The chapel of Notre-Dame at the crossing between the current Avenue de la Faiencerie and the Allée Scheffer had been constructed from 1624 to 1627 at the instigation of the Jesuit priest Jakob Brocquart, and was generously endowed by several rich urban nobles and citizens. Within a short amount of time, this chapel, with the statue of Mary the Comforter of the Afflicted, developed into the central Marian shrine of Luxembourg, meaning that it had to be expanded already in 1640. The shrine to the Virgin Mary was torn down in 1796 by French Revolutionary troops; only a year previously, it had been turned into a garrison slaughterhouse. Today, a bronze memorial plaque donated by the Lampertsbierger Syndikat in 1935 and designed by local artist Michel Haagen, serves as a reminder of the former "Glaciskapelle" ("Glacis chapel"). (Note: Located initially on a building opposite the Kleppelkrich monument, it was moved to its current location in 1983) In 1691, the chapel cemetery (Kapellekiirfecht) had been inaugurated behind the chapel, which gradually developed into the present-day Notre-Dame Cemetery, especially since 1778 when the city parish church of St. Nicholas was dismantled and the city's main cemetery was relocated to Notre-Dame. Although the official name for this is the "Cimetière Notre-Dame", in common parlance the name "Niklooskiirfecht" is still used today. Near the cemetery, 7 rebels of the Kleppelkrich were executed by firing squad on 8 January 1799. Their leader Michel Pintz was executed on 20 May of the same year by guillotine.
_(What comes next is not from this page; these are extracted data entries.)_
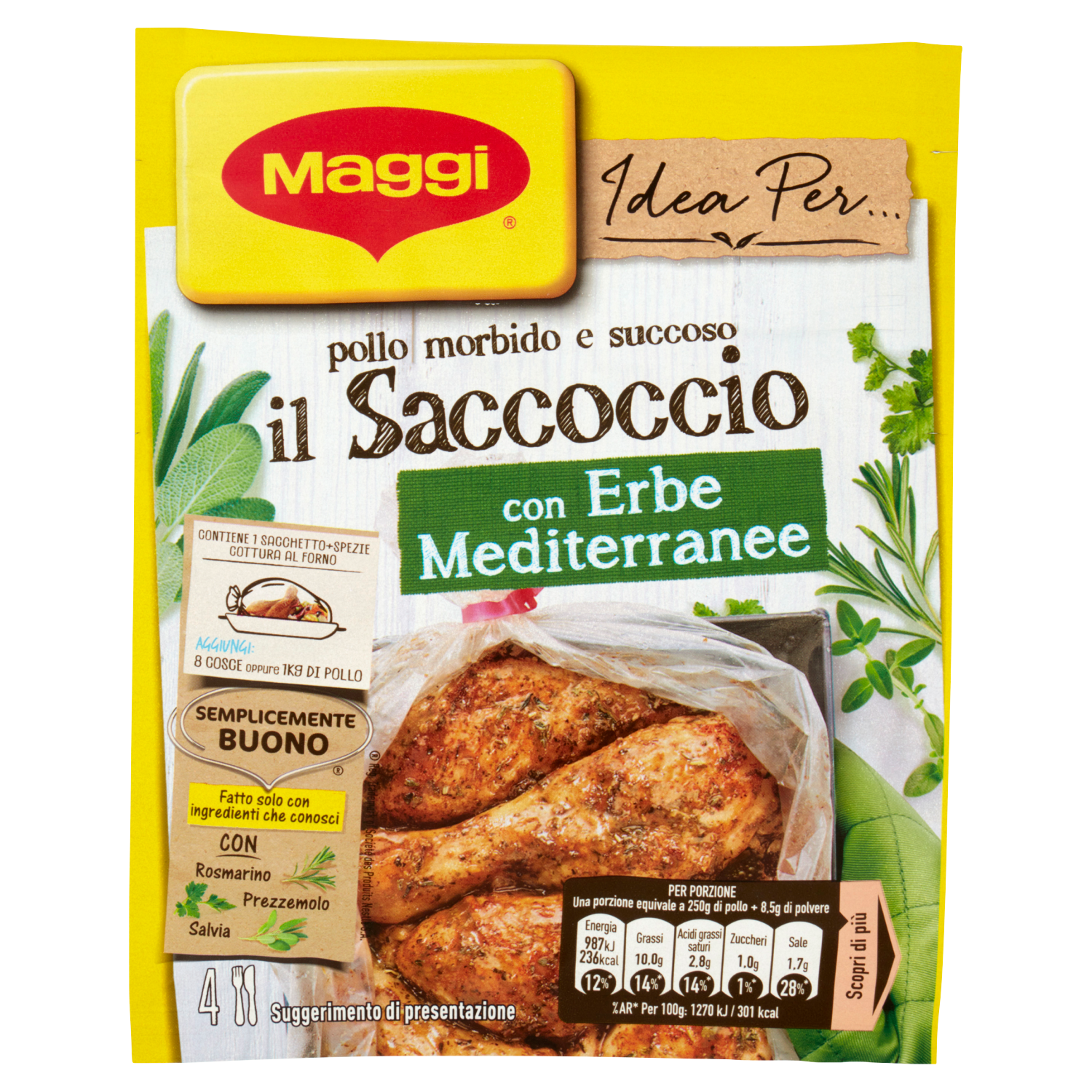 La porzione equivale a 250g di pollo + 8,5g di polvere |
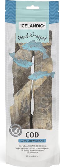 100% Pure Icelandic+ Cod Short Chew Sticks. Yes,these are Hand Wrapped, by incredibly skilled and knowledgeable craftsmen in Iceland. Each 5" Chew Stick is unique and shows the Artisan Craft that it takes to make these distinctive and sturdy treats. Your pup will truly enjoy the challenge of getting at and peeling away the hidden goodness of Cod Skin within each fold. Not only are they delicious for your dog, they reduce tartar and plaque build-up in gums and teeth! They are caught fresh daily in the cold, pure waters of Iceland, and air-dried. Plus, since these treats feature just one protein sources, they’re a smart choice for dogs with food sensitivities.
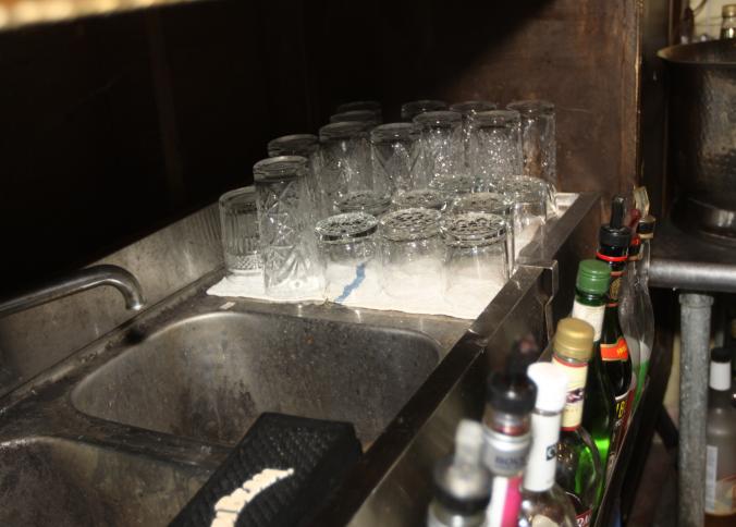 Stainless steel under bar three bay sink 71.5" x 18.5" x 24" tall, stainless steel top side table 25" x 24" x 25" tall. Excluding contents and other lots. Buyer is responsible for proper and safe removal to the first disconnect incl capping of any necessary lines.
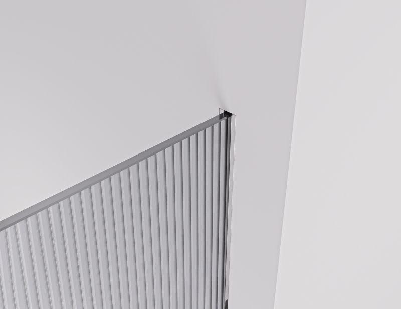 Stěnový profil umožňuje částečné nebo úplné zapuštění do stěny podle preferencí zákazníka. Tento systém nabízí moderní řešení při instalaci sprchové zástěny, zajišťuje čistý vzhled a zároveň umožňuje přesné přizpůsobení tvaru koupelny. Na rozdíl od běžných hliníkových profilů je tento vyroben z kvalitní nerezové oceli, která zajišťuje vyšší odolnost a delší životnost.
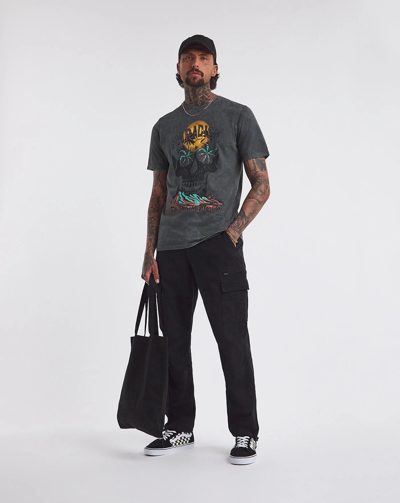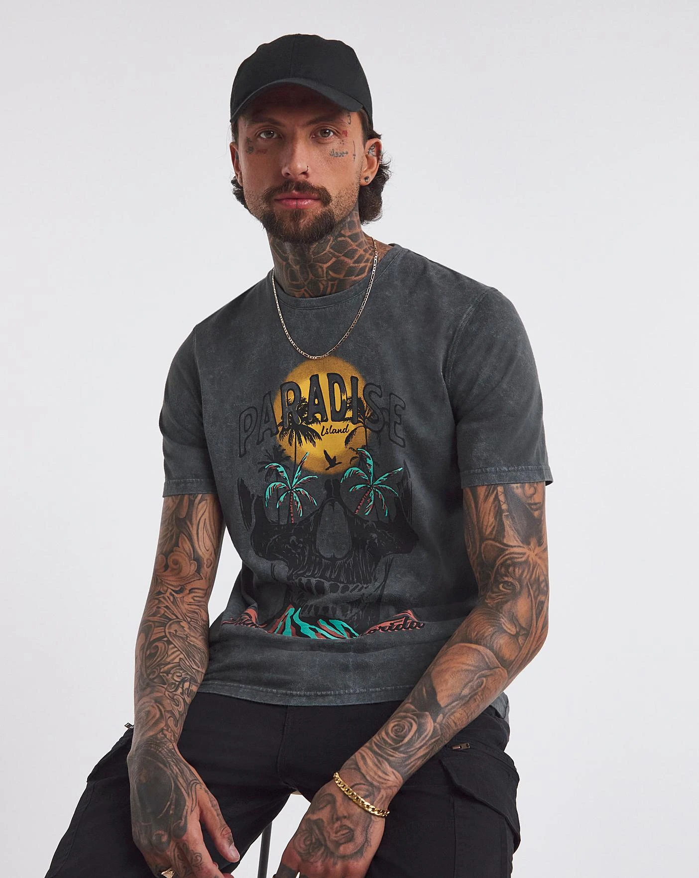 This Acid Wash Skull Graphic T-shirt in charcoal is fresh and new for the season. The acid wash graphic creates a stylish element to any outfit. Made up of cotton, this t-shirt is comfortable and an easy wear for any smart casual occasion.
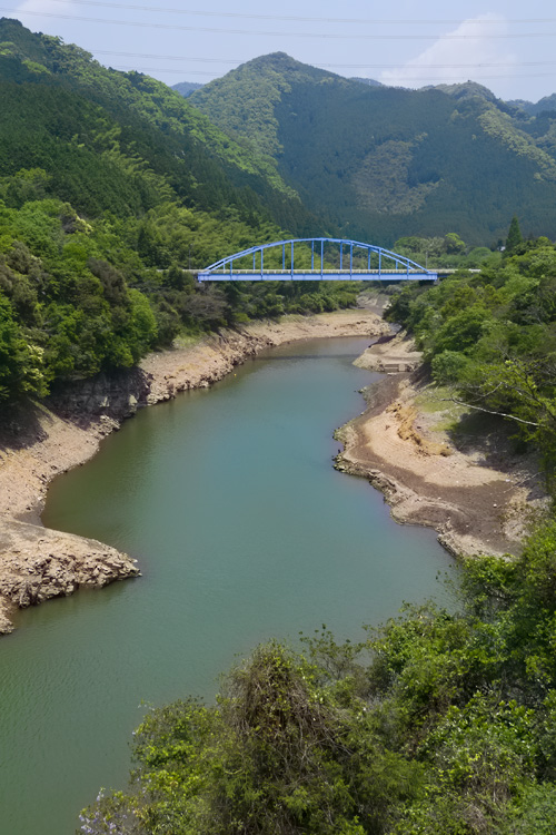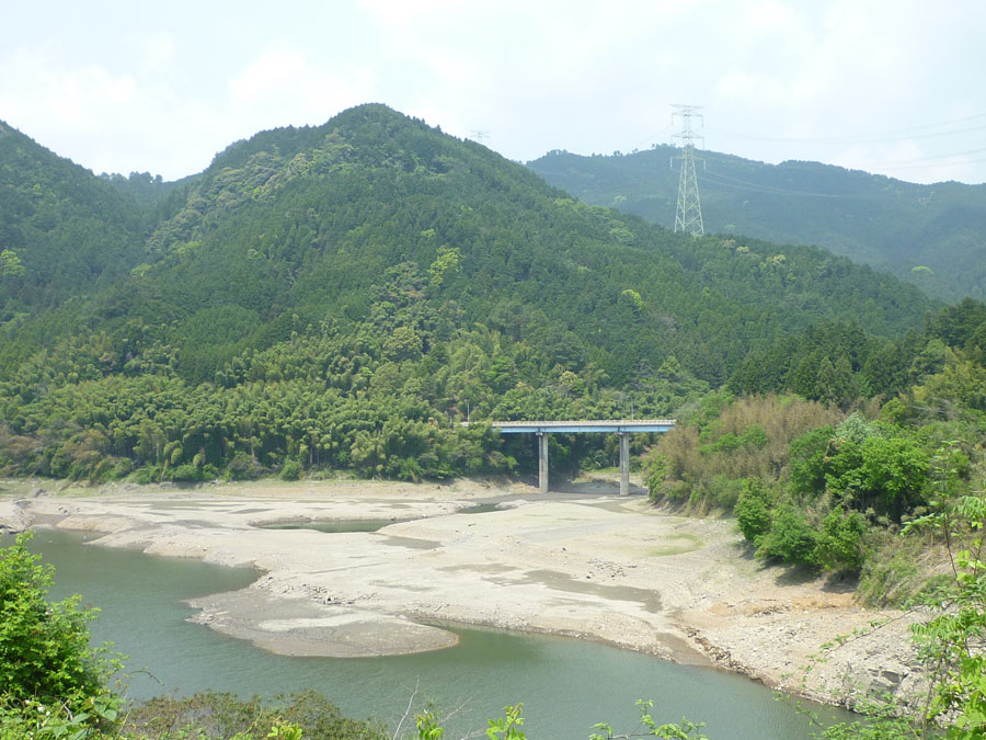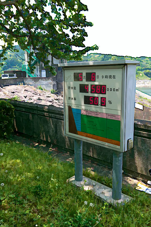 寺内ダムに行けば「渇水を視認し、節水の意識が高まる」つもりでおりました。東側に広がるダム湖は「美奈宜湖」と言うそうです、良い名称ですが、地元の人以外は知らないでしょうね。ダム施設の表示によると貯水率 50.9%、もっともっと低いと思っていた私は不謹慎にも拍子抜けしました。

A commemorative stone serves as a reminder of this event, made by Edmond Lux, and installed in front of the cemetery in 1974 at the instigation of the publisher François Mersch. The new Glacis chapel, endowed by Bishop Nicolas Adames and designed by the state architect Charles Arendt, was completed in 1885. In the first years of the 20th century, it temporarily served as a parish church to the rapidly increasing population of Limpertsberg.

By necessity, Limpertsberg could not begin its actual development into a residential and education district until after the dismantlement of the fortress from 1867. Only few houses or residents of Limpertsberg are mentioned historically in the era of the fortress. The siege map of 1795 does not mention one single house on the whole plateau. For strategic reasons, all the arable soil had been carried away from the current Glacis during 1745- 48; the goal here was to deprive an attacking force of the opportunity to entrench in front of the fortress, as the French troops under Vauban and Créquy had done in 1684.